Cette publication nous tenait à cœur. Un premier cahier ressource avait été réalisé en 2015 par un collègue en Pays de la Loire. L’idée centrale est celle-ci : comment faire pour s’y mettre lorsque l’on part de rien ? Donner des clés de compréhension à quelqu’un dont c’est le rôle en collectivité d’initier cette politique sans en être spécialiste, en lui apportant notamment des exemples concrets. Il y avait un vrai défi sur ce sujet, car les bonnes pratiques viennent majoritairement des métropoles et les petites collectivités ne se retrouvent pas dans ces exemples. Ce cahier constitue une prise en compte de cette réalité, avec l’effort pédagogique qui va avec. Cette démarche entre en cohérence avec le programme AVELO 2. Notre rôle ne s’arrête pas à celui de financeur. Nous sommes aussi là pour accompagner, proposer des formations, des rencontres régionales, produire de la connaissance.
Nous sommes aussi là pour accompagner, proposer des formations, des rencontres régionales, produire de la connaissance.
Y’a-t-il à l’étranger des modes d’organisation territoriaux qui sont une source d’inspiration pour vous ?
La ville allemande de Karlsruhe a un fonctionnement qui me parle tout particulièrement : comment ça fonctionne dans une commune où on est vite à la campagne et où, pourtant, la pratique du vélo parvient à rester une évidence ? Ces articulations-là m’intéressent. Idem aux Pays-Bas, lorsque je vois comment s’organise une petite ville comme Nijmegen, qui fut l’hôte de Velo-city 2017. Tout y est anticipé et facile pour les adultes comme pour les enfants, avec des connexions intelligentes pour les cyclistes entre les quartiers résidentiels et les grands axes. J’aime ces territoires où tout est fluide et où il se passe pas mal de choses pour faire de la place au vélo.
Autre enjeu de l’époque : quel regard portez-vous sur la médiatisation du vélo ?
Il y a pour moi deux types de journalisme sur ce sujet. Le premier ce sont les grands médias nationaux type Le Monde ou Les Échos. Il y a souvent une approche économique du sujet, avec une volonté d’aller chercher les bons exemples et les success stories.

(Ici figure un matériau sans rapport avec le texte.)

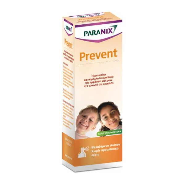 Περιποιείται και παράλληλα εμποδίζει την εμφάνιση φθειρών στο τριχωτό της κεφαλής Ψεκαζόμενη Λοσιόν περιποίησης του τριχωτού της κεφαλής που, επίσης, δρα προληπτικά έναντι του κινδύνου προσβολής του από φθείρες. Χάρη στα φυσικα συστατικά του, όπως το Neem Oil, το Θυμάρι και το Tea Tree Oil, που καλύπτουν τα μαλλιά με ένα προστατευτικό φιλμ, το Paranix Prevent δημιουργεί ένα εχθρικό περιβάλλον που εμποδίζει την προσκόλληση των κονίδων και την εμφάνιση φθειρών.
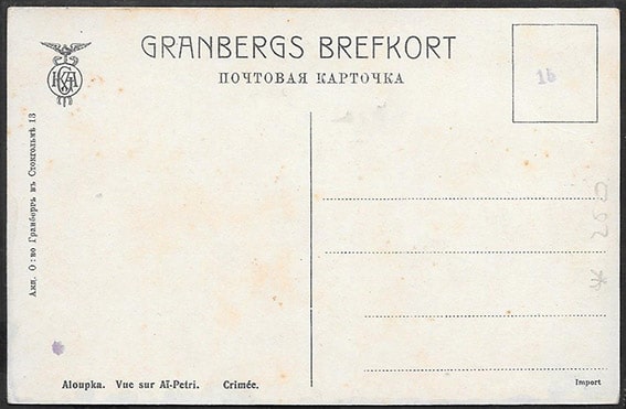 Почтовая карточка. Алупка. Вид на Ай-Петри. Крым

Parfois aussi, le vélo y est tourné en dérision. Cela nous interpelle, nous acteurs du vélo : quand le vélo aura-t-il suffisamment de maturité pour être perçu comme un sujet sérieux comme les autres ? À côté de la presse nationale, il y a la presse quotidienne régionale, qui repose essentiellement sur des articles factuels autour des réalisations et des aménagements. Le paradoxe est que, pour des raisons économiques, ces pages-là sont parfois juxtaposées à des publicités autour des voitures [Sourire]. Il y a aussi des séries d’articles comme dans le quotidien Ouest-France, autour des Français qui lâchent leur voiture, ou la série Biclou du Parisien… Peu à peu nous voyons les articles délaisser le « comment » pour s’intéresser au « pourquoi ». Cette évolution me semble aller dans le bon sens.